Lister: Kryten! (rushes over to the head) Where's the rest of you?

Kryten: Over there. They hadn't finished my repairs before the accident.

Lister: You've been stuck here for three million years? What have you been doing?

Kryten: Well, I've been reading that Fire Exit sign over there.

[Lister and Rimmer look at the sign.]

Kryten: It's given me a lot of solace over the years.

[Holly's face appears on a monitor.]

Holly: Oh, boys... I managed to locate the alien thing. It's waiting for you in the cargo hold.

Kryten: The cargo hold. Hmm. That's where I hid the cat.

[Later, all three walk through the cargo hold. A very long shot shows just how large it is. Then the view goes to a small corner. Lister speaks from behind a crate.]

Lister: Kryten, let me go first!

[Kryten comes around the bend, wielding a rollermop.]

Kryten: No, sir! I'm going to give that beast a squeegee he'll never forget!

[Lister and Rimmer round the corner. Holly appears on Kryten's stomach monitor.]

Holly: I finally reconnected with the cargo hold sensors. It's quite tricky to get a handle on. How simple do you want it?

Rimmer: So Lister can understand it.

Holly: Oh dear. OK. The cargo hold was shielded from the radiation.

Lister: Frankenstein survived?

Holly: And her four kittens, ...

[She begins to use computer cartoon graphics for her explanation to Lister. First, a little cartoon cat lies on its back and gives birth to four more.]

Holly: ... who each produced a litter of four more kittens twice a year.
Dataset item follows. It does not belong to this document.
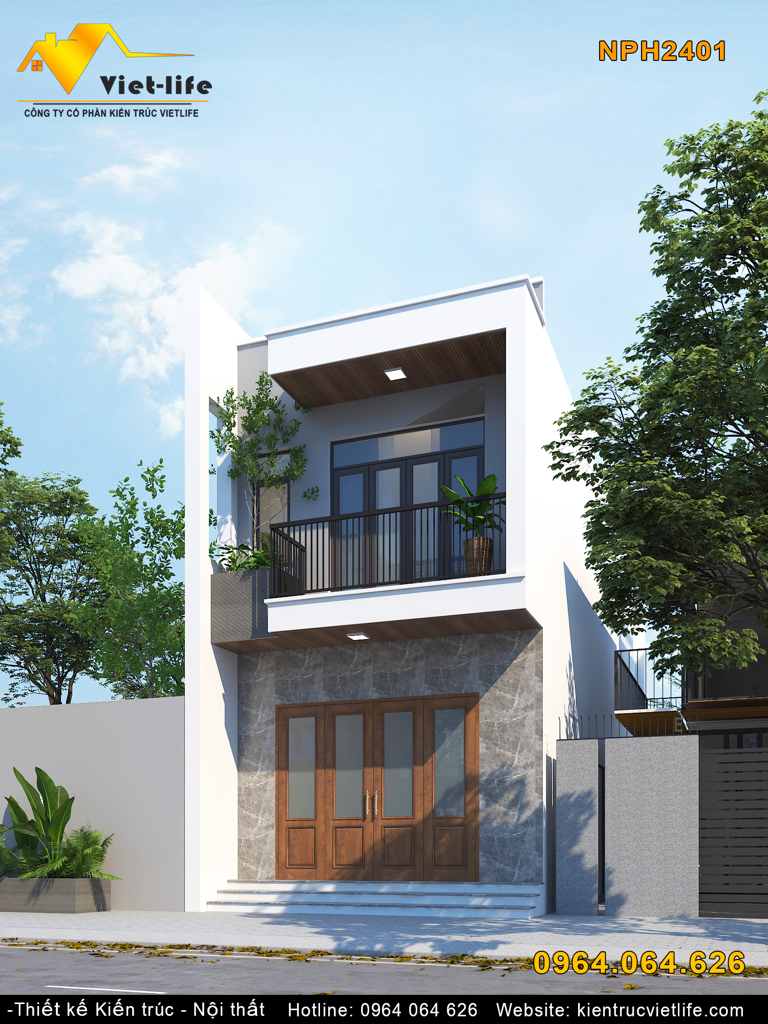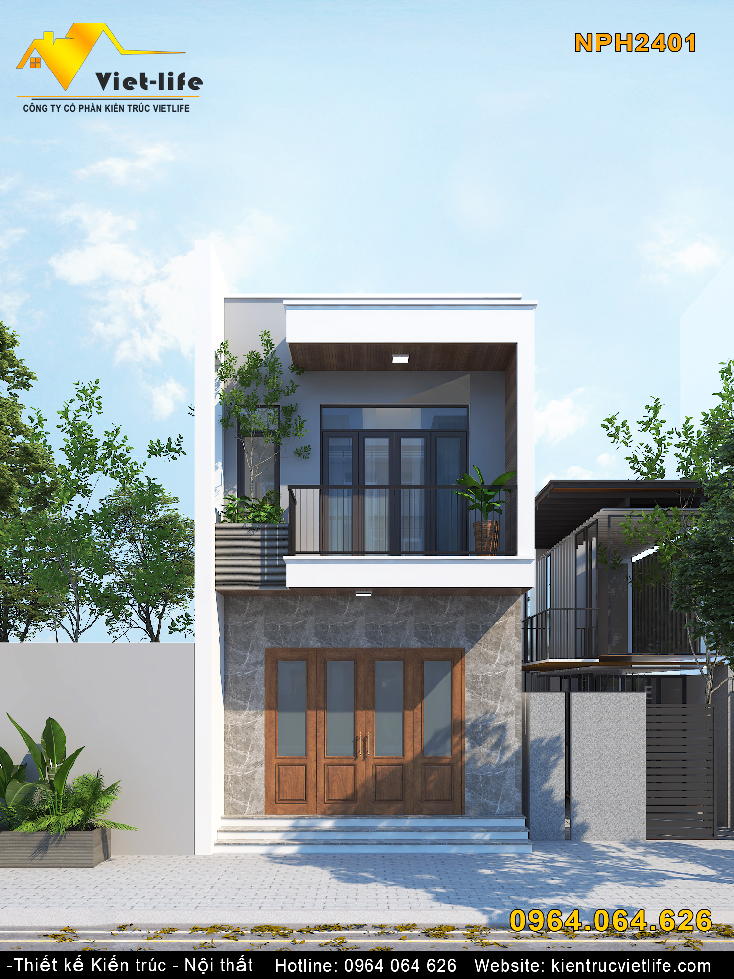 1. Phối cảnh kiến trúc nhà phố 2 tầng rộng 5m

[Each of the kittens does the same birthing animation, and again for the grandchildren, and so on.]

Holly: When Frankenstein died, there were nearly two hundred thousand cats, including the odd mutation.

[A large, club-wielding cat walks up to a small defenseless cat and clubs it.]

[After the clubbing, the small cat's head falls off although the eyes and eyebrows remain hanging in mid-air.]

Holly: Eventually, they formed a civilization around the things they found in storage.

[A group of cats is on its knees and bows down before an electric can opener which is presented by a pink-robed, club-wielding priest cat.]

Holly: Anyway, just a few years ago, a bloody civil war broke out.

[A club-wielding cat whacks a detonator. A small bulge travels down a long wire and a mushroom cloud forms in the distance. Suddenly, a pile of cat bodies falls onto the perpetrator.]

Holly: The entire cat population was killed -- all except that one just around the corner.

Cat: (voice only) Yeooooooooooooooooooooooow!

[The three are startled and heard for the corner.]

Cat: Yeooooooooooooooooooooooow!

[They emerge and see a finely dressed humanoid lying on crates labeled `0 GRAVITY TOILET PAPER' and `(???)'. The being moves his paw as though he's reciting a poem.]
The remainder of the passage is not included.